Word for word, restate the lines from the one containing "生產(chǎn)企業(yè): 瑞士哈美頓醫(yī)療公司Hamilton Medical" through the last line of the material, and include no pictures.

• [Recorded data]:
┌──
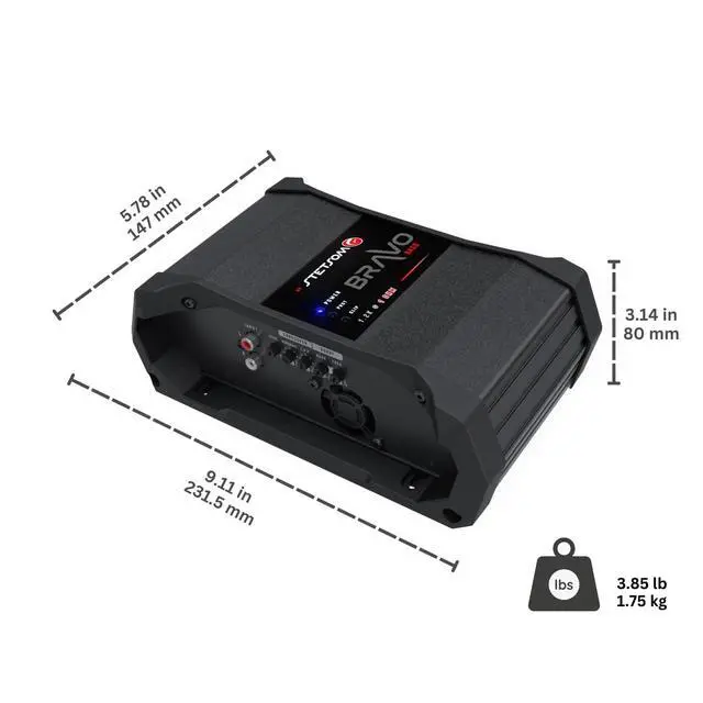 Stetsom Bravo BASS 1200 1 Ohm - Mono Car Amplifier, 1200.1 1.2K Watts RMS, Monoblock, 1 Stable Car Audio, HD Sound Quality, Crossover & Bass Boost, Car Stereo Speaker Subwoofer MD, Smart Coolers
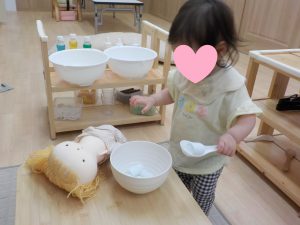 今まで自分がしてもらった心地よい経験を自分もしてみたいという、”自己実現欲求”を満たすため。また、赤ちゃん人形のお世話を通して”自分はこんなに大切にされていたんだ”と自己肯定感を育むために設置しています。
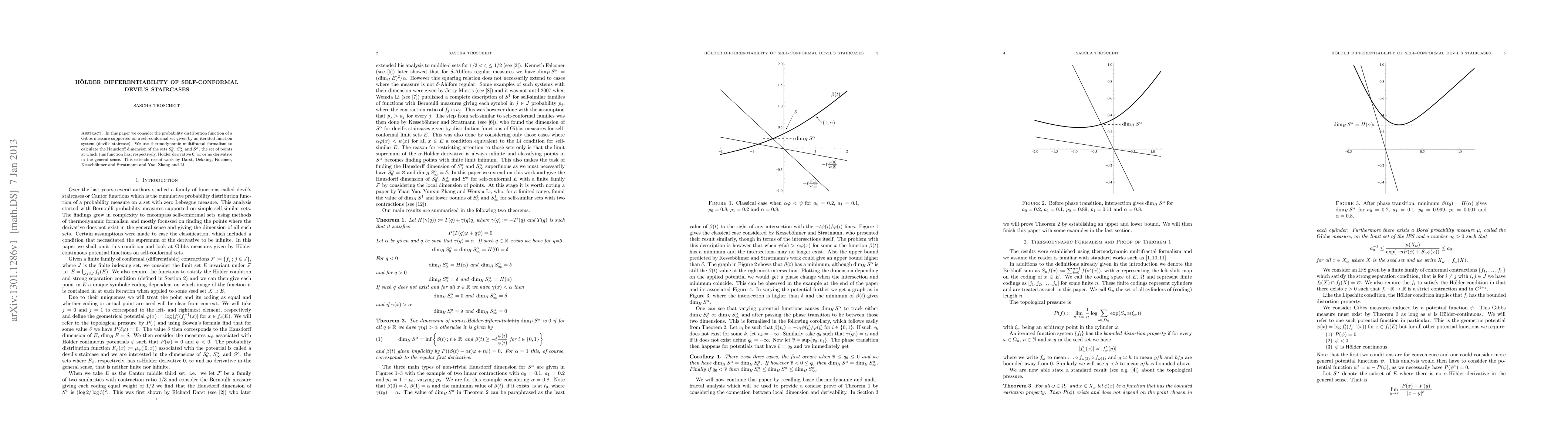 In this paper we consider the probability distribution function of a Gibbs measure supported on a self-conformal set given by an iterated function system (devil's staircase). We use thermodynamic multifractal formalism to calculate the Hausdorff dimension of the sets $S^{\alpha}_{0}$, $S^{\alpha}_{\infty}$ and $S^{\alpha}$, the set of points at which this function has, respectively, H\"older derivative 0, $\infty$ or no derivative in the general sense. This extends recent work by Darst, Dekking, Falconer, Kesseb\"ohmer and Stratmann and Yao, Zhang and Li.
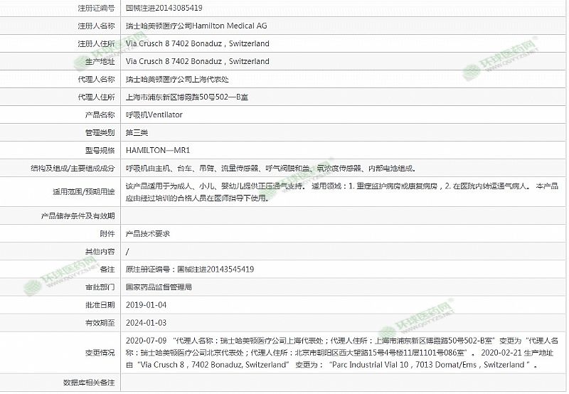生產(chǎn)企業(yè): 瑞士哈美頓醫(yī)療公司Hamilton Medical AG
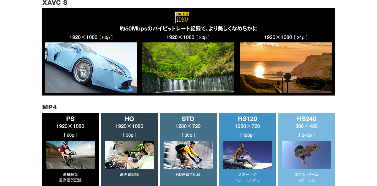 ※ XAVC S記録時はmicroSDHC/SDXCメモリーカード(Class10以上推奨)が必要です
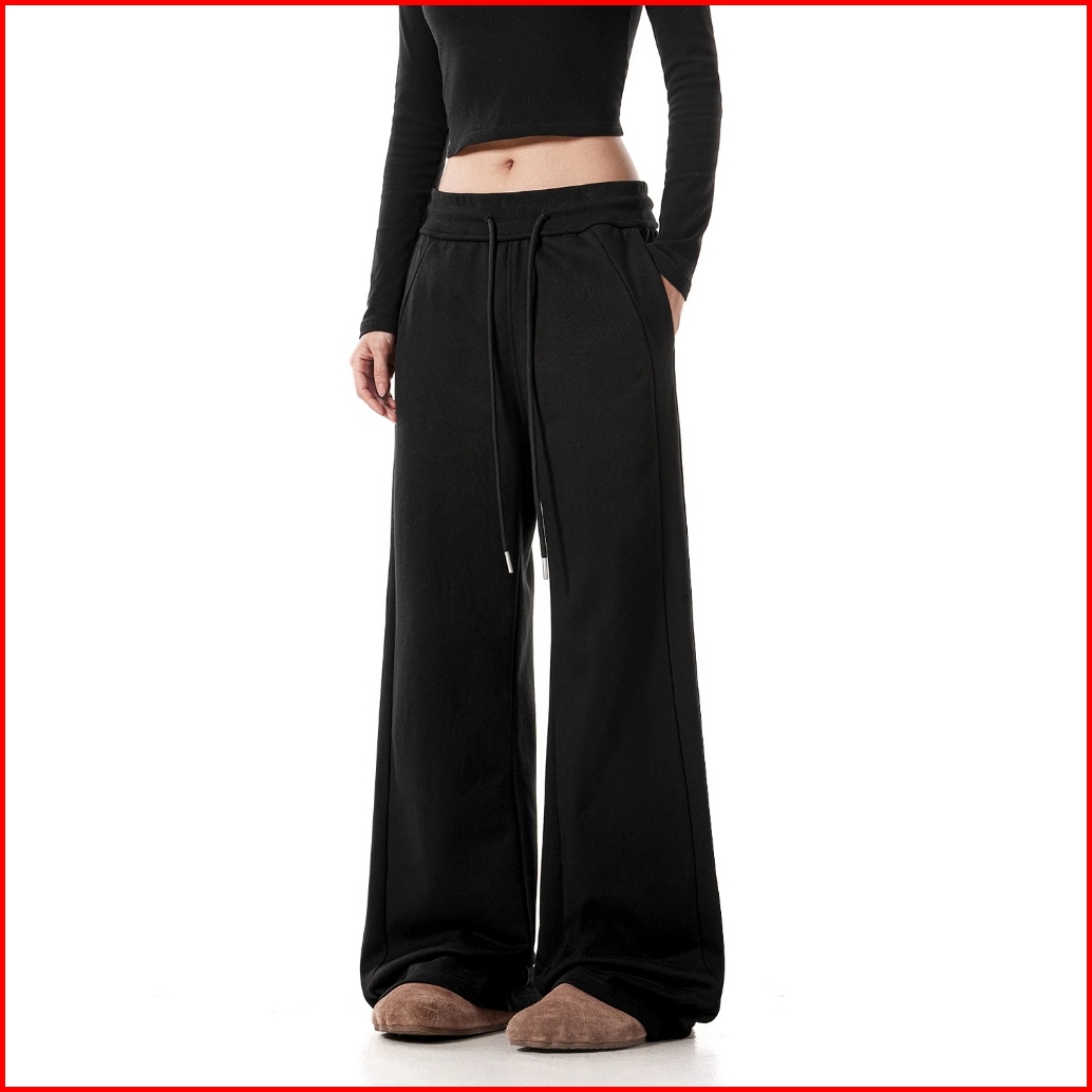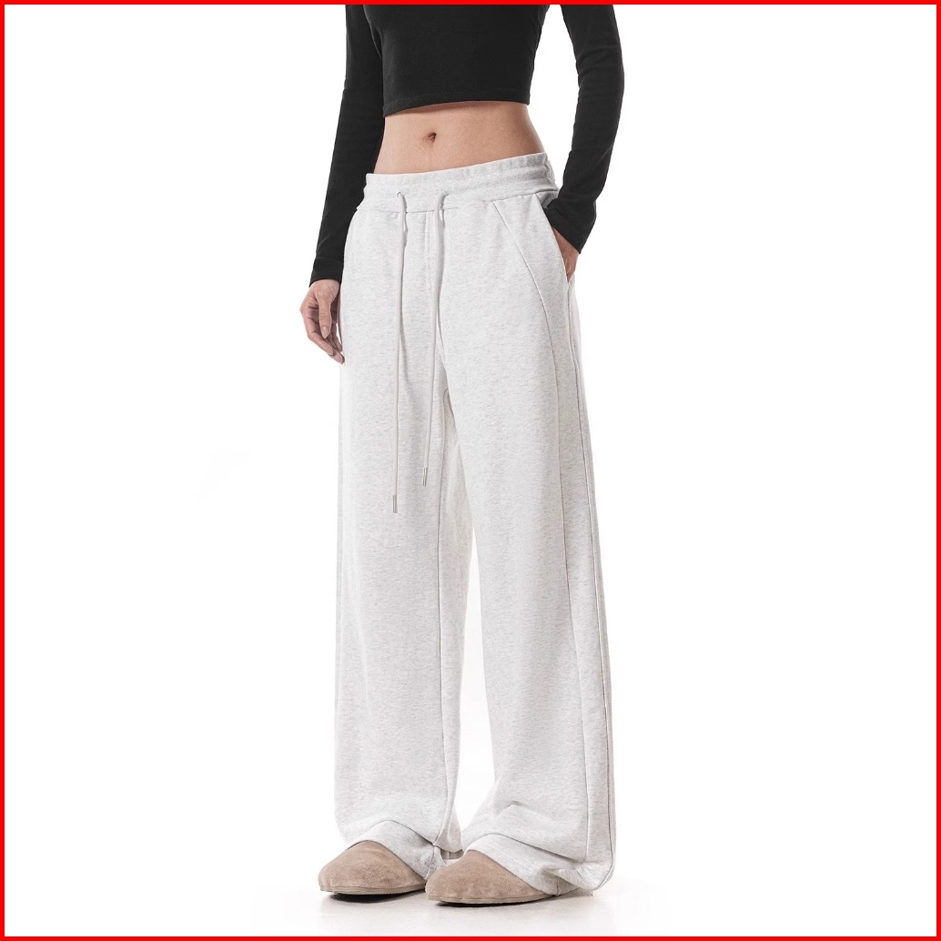 Premium Celana Kasual Lurus Longgar Serut Pinggang Tinggi Wanita
└──
• [Exercise result]:
生產(chǎn)企業(yè): 瑞士哈美頓醫(yī)療公司Hamilton Medical AG
 ※ XAVC S記録時はmicroSDHC/SDXCメモリーカード(Class10以上推奨)が必要です
 Premium Celana Kasual Lurus Longgar Serut Pinggang Tinggi Wanita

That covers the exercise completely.